Hoe dan ook benadrukt de kunstenaar dat hij altijd films wil maken die een fysieke reactie bij de kijker opwekken. Greenaway vervolgt: “Mijn films zijn mediabewust, zelfreflectief, films over films over films. Het is erg belangrijk voor mij om het kunstmatige aspect van filmmaken te benadrukken.”
Voyeurisme
Als voorbeeld noemt Greenaway The Baby of Mâcon: “Aan het einde kijkt een publiek naar een publiek naar een publiek. En dit alles speelt zich af in een kerk, hoe kunstmatig wil je het krijgen?” De Brit kreeg destijds veel kritiek op deze film. Sommige filmjournalisten vonden hem misogyn, onder meer vanwege een brute verkrachtingsscène aan het einde. Maar Greenaway staat al vanaf het begin van zijn carrière bekend als onvervalste taboebreker, die films maakt over onderwerpen waarmee mensen liever niet geconfronteerd worden.
Door de jaren heen werden Greenaways films overladen met positieve en negatieve kritiek. Zo werd hij in sommige kringen weer neergezet als feminist. Greenaway haakt in: “Het meest krachtige personage in The Cook, the Thief, His Wife & Her Lover werd gespeeld door Helen Mirren, die een vrouw speelt die de touwtjes in handen heeft. Maar ook in deze film zit een sterk seksueel element en zijn vrouwen vaak het slachtoffer. Maar in Drowning by Numbers zijn vrouwen juist de daders. Niettemin denk ik dat de wereld is veranderd.”

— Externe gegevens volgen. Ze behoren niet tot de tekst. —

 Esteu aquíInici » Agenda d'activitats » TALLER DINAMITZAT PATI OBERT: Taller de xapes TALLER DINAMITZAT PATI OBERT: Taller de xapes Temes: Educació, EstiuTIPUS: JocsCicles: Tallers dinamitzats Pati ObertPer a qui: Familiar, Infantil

Greenaway constateert een nieuw soort puritanisme. “We ervaren gelijktijdig een genot en een afwijzing van dat genot.” Dat klinkt alsof we ons voyeurisme eigenlijk niet willen erkennen. Greenaway stelt: “Seks is een groot fenomeen in onze levens, of je nu een non bent of een seriemoordenaar. Je moet het op eigen risico vermijden, maar je moet ook een manier vinden om het te omarmen. En zijn we niet geweldige voyeurs? Kijk naar de invloed van pornografie. Je zou kunnen stellen dat mensen die seks zien in fictiefilms snakken naar echte seks, maar dat mag weer niet realistisch worden verbeeld.”
Dat doet de vraag rijzen of Greenaway niet vreest dat hij wordt gezien als een nestor die beweert dat alles vroeger beter was. Hij reageert vrolijk: “Nee, dat heb ik niet. Is dat trouwens niet het territorium van Quentin Tarantino, het lichtgewicht fenomeen?”
IDFA 2023 vertoont een retrospectief met Peter Greenaways films A Zed & Two Noughts (1985), The Cook, the Thief, His Wife & Her Lover (1989), Nightwatching (2007) en Rembrandt’s J’Accuse (2008), plus Saskia Boddeke’s portret The Greenaway Alphabet (2017) | Tijdens Peter Greenaway Atelier op 12 november 2023 gaat de kunstenaar in gesprek met IDFA’s artistiek directeur Orwa Nyrabia en zijn delen uit zijn nieuwe filmproject Walking to Paris te zien.